- Change in 24-hr proteinuria with dapagliflozin for six weeks relative to placebo in patients with non-diabetic kidney disease and proteinuria 500 mg/day on stable angiotensin-converting enzyme inhibitor or angiotensin II receptor blocker treatment. [ Time Frame: 6 weeks ]
- Effect of dapagliflozin 10 mg/d compared to placebo on Glomerular Filtration Rate (GFR) using iohexol clearance [ Time Frame: 6 weeks ]
- Effect of dapagliflozin 10 mg/d compared to placebo on systolic/diastolic blood pressure [ Time Frame: week 0, 2, 4, 5, 6, 12, 15, 18, 24 ]
- Effect of dapagliflozin 10 mg/d compared to placebo on body weight [ Time Frame: week 0, 2, 4, 5, 6, 12, 15, 18, 24 ]
- Effect of dapagliflozin 10 mg/d compared to placebo on selected neurohormones/ biomarkers [ Time Frame: week 0, 3, 6, 12, 15, 18, 24 ]
- Safety of dapagliflozin vs. placebo – the number of hypoglycemia episodes between groups and serious adverse events [ Time Frame: week 0-26 ]

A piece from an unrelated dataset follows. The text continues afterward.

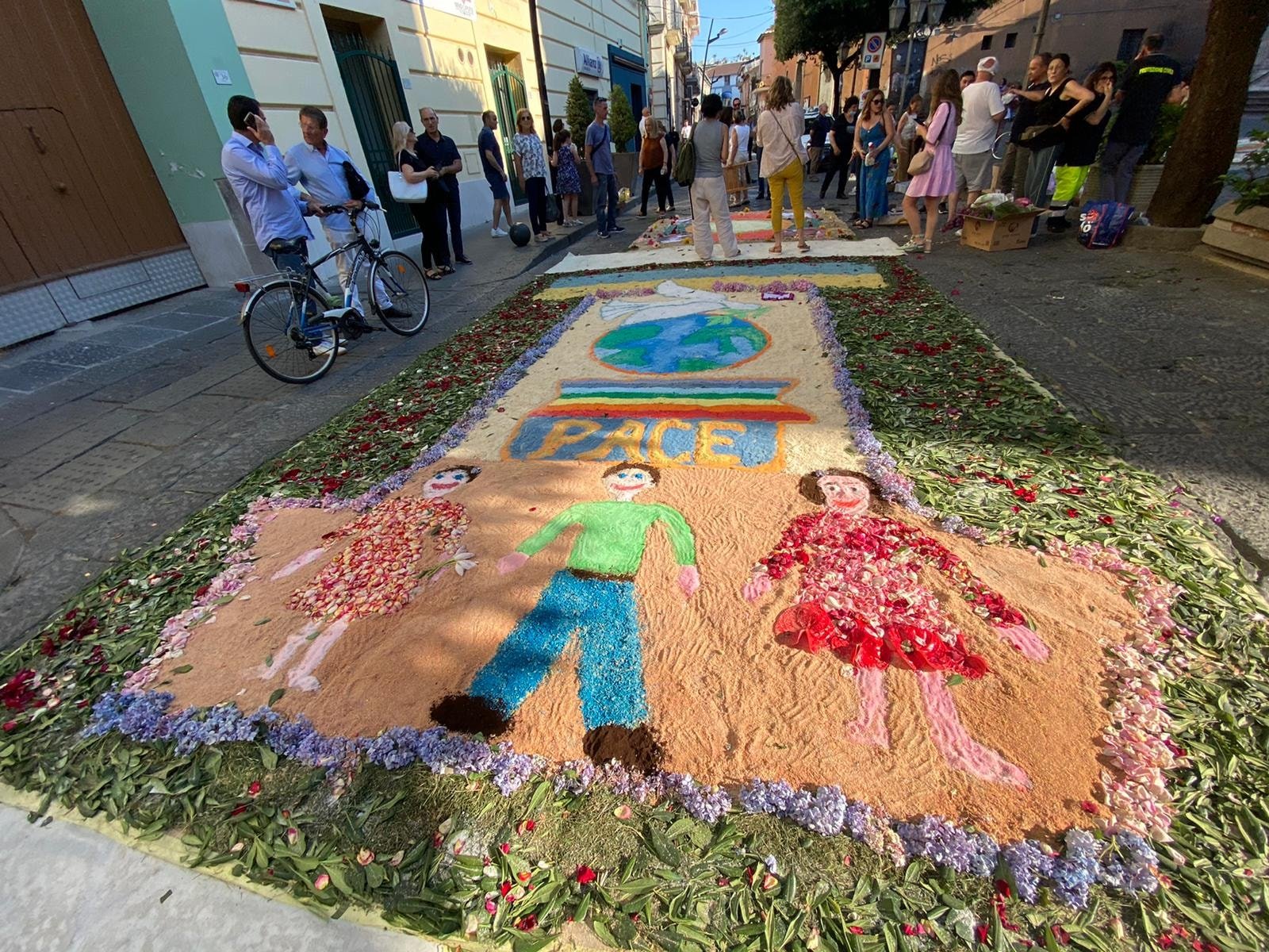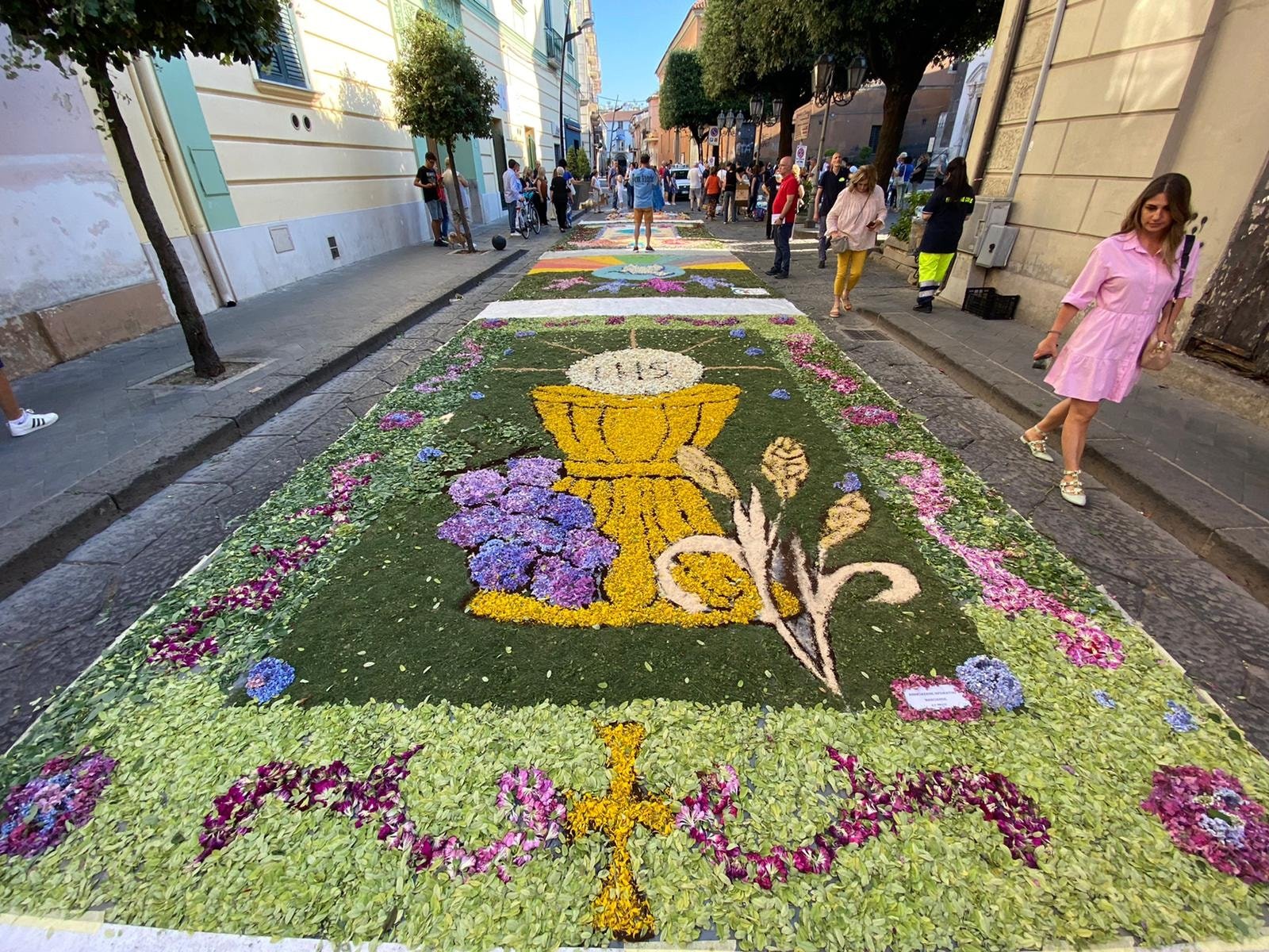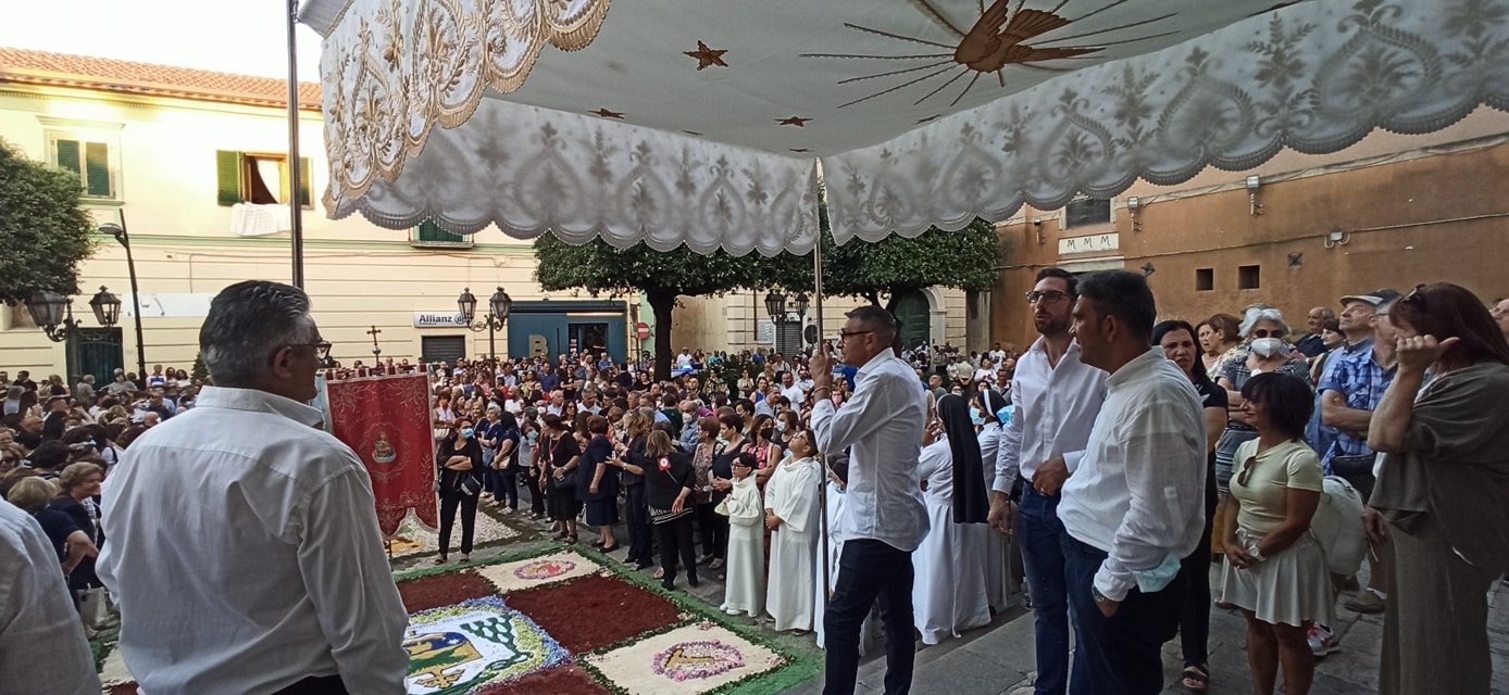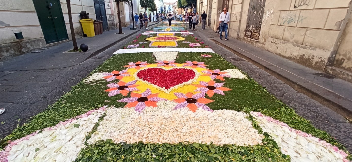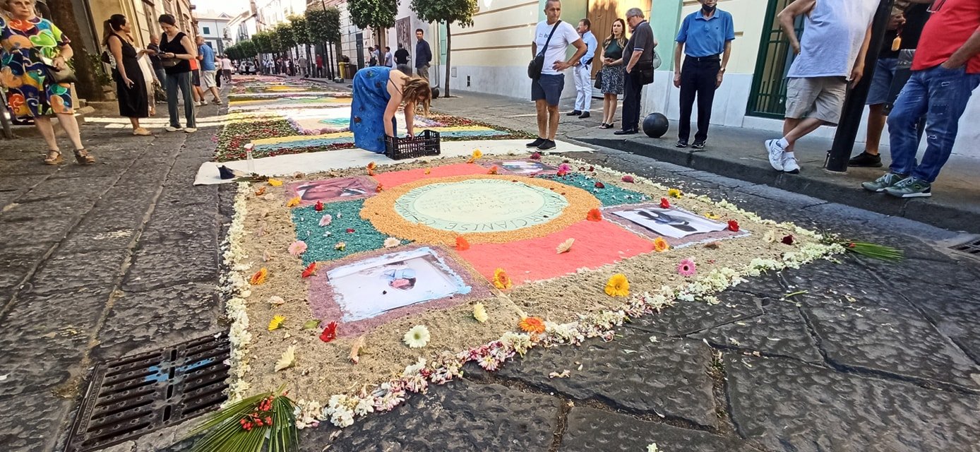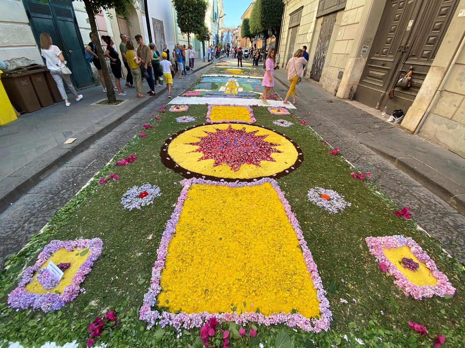 Ad arricchire la cerimonia la splendida infiorata sul sagrato del Duomo e lungo la stessa via Duomo, promossa da associazioni, istituti scolastici e singoli artisti locali.

Despite optimal treatment with renin-angiotensin-aldosterone-system (RAAS) inhibitors, many patients with non-diabetic kidney disease show progressive kidney function loss, which is associated with high residual proteinuria. Novel treatment strategies are therefore required to further decrease proteinuria and to slow kidney function decline.
Dapagliflozin is a sodium-glucose transport (SGLT2) inhibitor and inhibits the reabsorption of glucose and sodium in the proximal tubule. The increased natriuresis following dapagliflozin administration normalizes tubuloglomerular feedback resulting in a reduction in intra-glomerular hypertension, which is in turn manifested by acute reversible reductions in glomerular filtration rate and albuminuria. Since many etiologies of non-diabetic nephropathy are characterized by intraglomerular hypertension, we hypothesize that dapagliflozin acutely decreases GFR and proteinuria in patients without diabetes at risk of progressive kidney function loss via a glucose independent hemodynamic mechanism.